MATERIAL PROVIDED.
++++
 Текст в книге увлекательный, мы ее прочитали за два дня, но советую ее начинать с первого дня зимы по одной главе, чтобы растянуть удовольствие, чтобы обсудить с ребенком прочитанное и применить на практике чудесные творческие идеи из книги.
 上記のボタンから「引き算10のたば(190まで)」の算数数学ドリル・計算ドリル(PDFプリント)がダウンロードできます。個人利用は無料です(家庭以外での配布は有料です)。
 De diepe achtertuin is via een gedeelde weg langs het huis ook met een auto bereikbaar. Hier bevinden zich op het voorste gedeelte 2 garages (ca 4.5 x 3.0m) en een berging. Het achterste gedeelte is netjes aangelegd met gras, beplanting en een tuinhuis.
++++
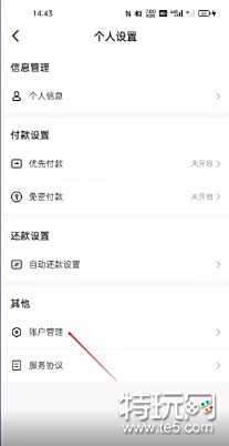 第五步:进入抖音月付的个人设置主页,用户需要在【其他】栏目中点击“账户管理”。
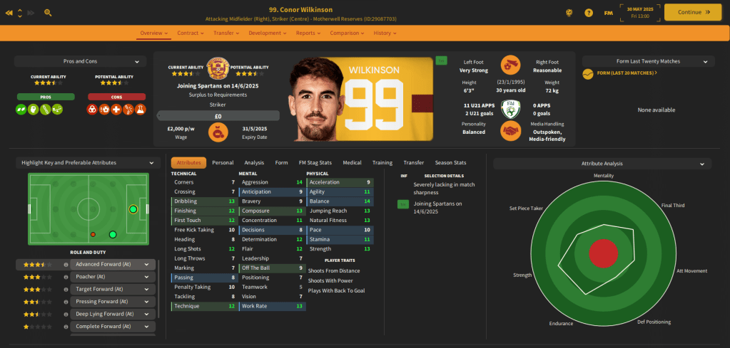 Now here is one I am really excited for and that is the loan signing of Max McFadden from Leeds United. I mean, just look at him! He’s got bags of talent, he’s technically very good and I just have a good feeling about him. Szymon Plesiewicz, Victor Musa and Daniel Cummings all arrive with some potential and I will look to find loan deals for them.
++++
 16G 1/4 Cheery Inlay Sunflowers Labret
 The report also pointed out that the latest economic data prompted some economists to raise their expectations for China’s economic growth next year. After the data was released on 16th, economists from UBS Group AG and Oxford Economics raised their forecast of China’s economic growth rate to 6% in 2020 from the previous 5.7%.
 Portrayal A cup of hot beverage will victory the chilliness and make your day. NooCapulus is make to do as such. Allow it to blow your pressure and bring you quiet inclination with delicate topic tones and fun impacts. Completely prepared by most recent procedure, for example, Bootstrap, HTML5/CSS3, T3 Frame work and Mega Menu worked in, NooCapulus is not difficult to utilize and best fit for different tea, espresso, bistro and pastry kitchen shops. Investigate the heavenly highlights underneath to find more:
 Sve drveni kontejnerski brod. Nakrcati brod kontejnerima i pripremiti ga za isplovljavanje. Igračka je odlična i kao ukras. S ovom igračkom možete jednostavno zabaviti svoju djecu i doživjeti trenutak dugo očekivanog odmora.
++++
WHAT YOU HAVE TO DO. Using the records above, restate word for word the lines from the one with "Portrayal A cup" through the one with "Sve drveni kontejnerski", both included.

ANSWER AREA.
 Portrayal A cup of hot beverage will victory the chilliness and make your day. NooCapulus is make to do as such. Allow it to blow your pressure and bring you quiet inclination with delicate topic tones and fun impacts. Completely prepared by most recent procedure, for example, Bootstrap, HTML5/CSS3, T3 Frame work and Mega Menu worked in, NooCapulus is not difficult to utilize and best fit for different tea, espresso, bistro and pastry kitchen shops. Investigate the heavenly highlights underneath to find more:
 Sve drveni kontejnerski brod. Nakrcati brod kontejnerima i pripremiti ga za isplovljavanje. Igračka je odlična i kao ukras. S ovom igračkom možete jednostavno zabaviti svoju djecu i doživjeti trenutak dugo očekivanog odmora.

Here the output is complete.